__PROBLEM STATEMENT__:
Go through the listing below and retype exactly the lines starting at the one with "Am Key / 1p" and ending at the one with "Das modern ausgestattete", skipping pictures.
Segment Start: MATERIAL SHOWN
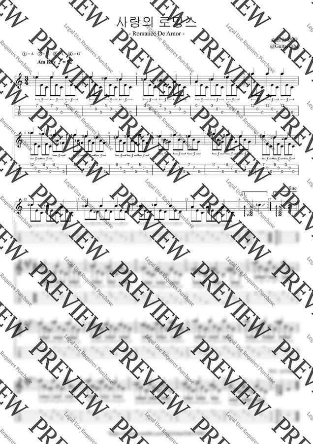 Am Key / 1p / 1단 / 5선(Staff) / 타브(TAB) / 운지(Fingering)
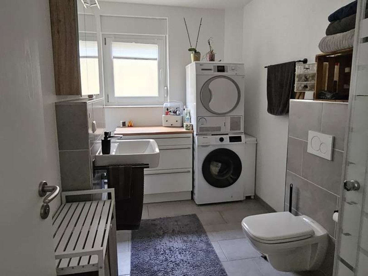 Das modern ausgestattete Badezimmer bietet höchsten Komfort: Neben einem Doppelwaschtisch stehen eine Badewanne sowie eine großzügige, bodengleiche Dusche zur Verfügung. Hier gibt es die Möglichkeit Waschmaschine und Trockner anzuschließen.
Segment End: MATERIAL SHOWN
Segment Start: MATERIAL SHOWN
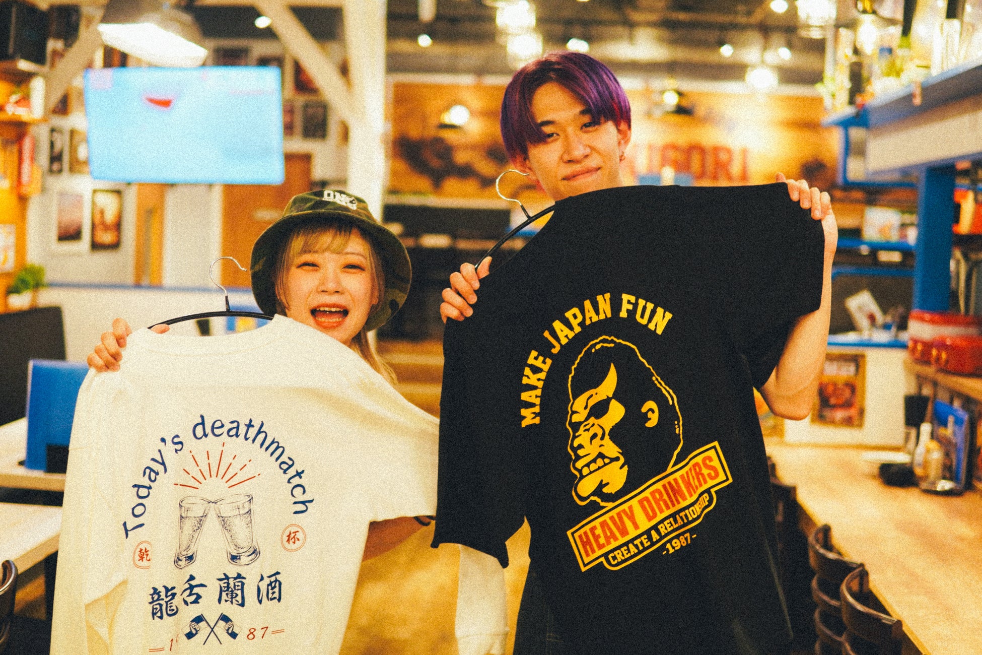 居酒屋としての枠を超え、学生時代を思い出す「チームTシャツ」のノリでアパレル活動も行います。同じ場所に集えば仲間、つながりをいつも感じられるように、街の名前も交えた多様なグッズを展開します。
Segment End: MATERIAL SHOWN
__EXPECTED ANSWER__:
 Am Key / 1p / 1단 / 5선(Staff) / 타브(TAB) / 운지(Fingering)
 Das modern ausgestattete Badezimmer bietet höchsten Komfort: Neben einem Doppelwaschtisch stehen eine Badewanne sowie eine großzügige, bodengleiche Dusche zur Verfügung. Hier gibt es die Möglichkeit Waschmaschine und Trockner anzuschließen.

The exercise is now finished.